The following images contain the difference between the evolved simulated and target density. Hence, dark regions indicate where the target should be, but isn't. The top row shows the original states with the initial velocity being zero, while the bottom row shows the versions after the optimization has tuned the initial velocities. Hence, in each column you can compare before (top) and after (bottom):
These difference images clearly show that the optimization managed to align the upper region of the plumes very well. Each original image (at the top) shows a clear misalignment in terms of a black halo, while the states after optimization largely overlap the target smoke configuration of the reference, and exhibit differences closer to zero for the front of each smoke cloud.
Note that all three simulations need to "work" with a fixed inflow, hence they cannot simply "produce" marker density out of the blue to match the target. Also each simulation needs to take into account how the non-linear model equations change the state of the system over the course of 20 time steps. So the optimization goal is quite difficult, and it is not possible to exactly satisfy the constraints to match the reference simulation in this scenario. E.g., this is noticeable at the stems of the smoke plumes, which still show a black halo after the optimization. The optimization was not able to shift the inflow position, and hence needs to focus on aligning the upper regions of the plumes.
Conclusions
This example illustrated how the differentiable physics approach can easily be extended towards significantly more complex PDEs. Above, we've optimized for a mini-batch of 20 steps of a full Navier-Stokes solver.

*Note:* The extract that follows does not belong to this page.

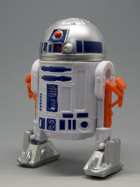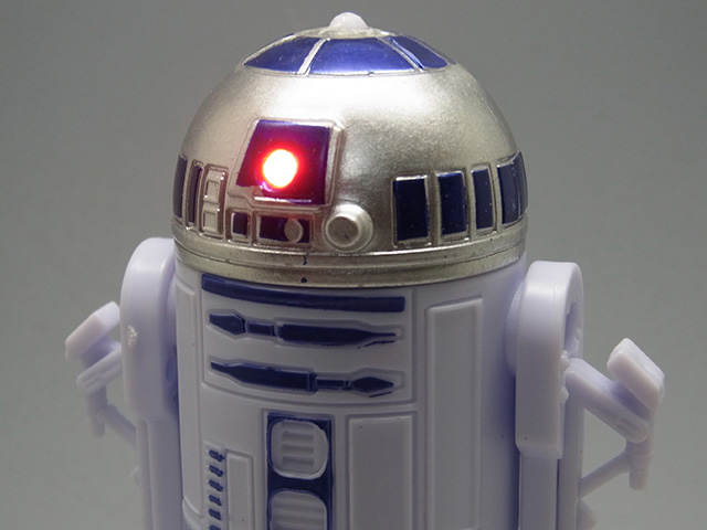 ハズブロのBlack6インチ版R2-D2を模したもの。全ABS製で、再現が難しいバッテリーケーブルとかはあっさり省略。腕というか脚の側面パネルを外してブースターロケットに交換するギミックも(一応)踏襲してる上に、頭頂部のボタンでカメラアイが発光するLEDギミックも付いている。全力で平均点を取りにいった印象。

This is a powerful basis to bring NNs into the picture. As you might have noticed, our degrees of freedom were still a regular grid, and we've jointly solved a single inverse problem. There were three cases to solve as a mini-batch, of course, but nonetheless the setup still represents a direct optimization. Thus, in line with the PINN example of Burgers Optimization with a Physics-Informed NN we've not really dealt with a machine learning task here. However, DP training allows for a range of flexible compinations with NNs that will be the topic of the next chapters.
Next steps
Based on the code example above, we can recommend experimenting with the following:
Modify the setup of the simulation to differ more strongly across the four instances, run longer, or use a finer spatial discretization (i.e. larger grid size). Note that this will make the optimization problem tougher, and hence might not converge directly with this simple setup.
As a larger change, add a multi-resolution optimization to handle cases with larger differences. I.e., first solve with a coarse discretization, and then uses this solution as an initial guess for a finer discretization.